“Bits and pieces” eventually evolve into a Motown milestone
- The Motown vault shows this picture to have been taken in late 1966, when Jimmy Ruffin had finally joined the ranks of the company’s Top 10 hitmakers with “What Becomes Of The Brokenhearted.” It may even have been his first proper photo session, despite the fact that the singer had been signed to Berry Gordy’s enterprise since 1960. When his first album, Jimmy Ruffin Sings Top Ten, was released in January ’67, a performance shot was used for the cover. Years later, Ruffin grumbled about it. “There’s a picture of me taken live at the 20 Grand,” he told author Bill Dahl. “With a big record like ‘Brokenhearted,’ why wouldn’t they do a proper photo session?”
- The above sharp-suited, bow-tied snap of Ruffin has been put to use many times since that time, long after he added his vocals to the track of “What Becomes Of The Brokenhearted” in late 1965. Seven months passed before it was released as a single, and another four before it reached the upper reaches of the Billboard Hot 100. Then again, Motown was rather busy that October: in addition to Ruffin’s hit, the company had another three 45s in the Top 20, including the Four Tops’ “Reach Out I’ll Be There” (at Number One) and the Temptations’ “Beauty Is Only Skin Deep,” featuring the lead vocals of David Ruffin, Jimmy’s younger brother.
- In fact, it was David who originally pressed his elder sibling to consider joining Hitsville U.S.A. “My brother kept insisting that I audition,” Jimmy is quoted as saying in liner notes for the first volume of The Complete Motown Singles. “Finally, I ended up going to Motown after some encouragement from people like Mary Wells and Marv Johnson.” His first 45, “Don’t Feel Sorry For Me,” also marked the debut in 1961 of the Miracle label, but neither was a success.
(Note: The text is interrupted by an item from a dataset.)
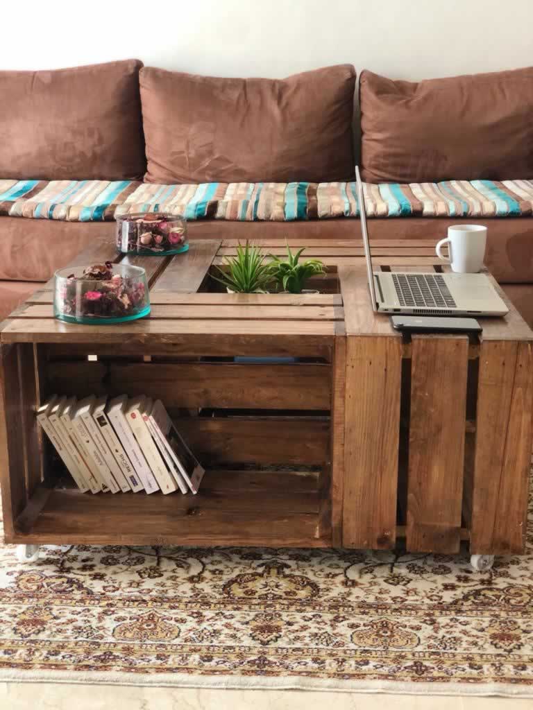 Table en caisses en bois, avec rangements, emplacement pot de plante au centre.

More than two years passed before Jimmy earned another Motown release, on its Soul imprint. “I recorded bits and pieces, but I didn’t have any releases. I was working for Ford Motor Company and playing in Detroit on weekends.”
- “As Long As There Is L-O-V-E, Love,” Ruffin’s Soul single immediately before “What Becomes Of The Brokenhearted,” was a Top 10 hit in Detroit, and he also had influential admirers in Chicago. One of them was prominent disc jockey E. Rodney Jones at radio station WVON, who was among the first to spin “Brokenhearted” – just as he did two years later with another Motown milestone, Marvin Gaye’s “I Heard It Through The Grapevine.” Jimmy’s smash also caught the attention of radio programmers across the Atlantic, and it became a Top 10 title in Britain. Actually, it achieved that feat twice, when a 1974 reissue climbed into the Top 5 there. Ruffin began performing regularly in the U.K., and scored three consecutive Top 10 singles in 1970. There was no shortage of photographers taking his picture then.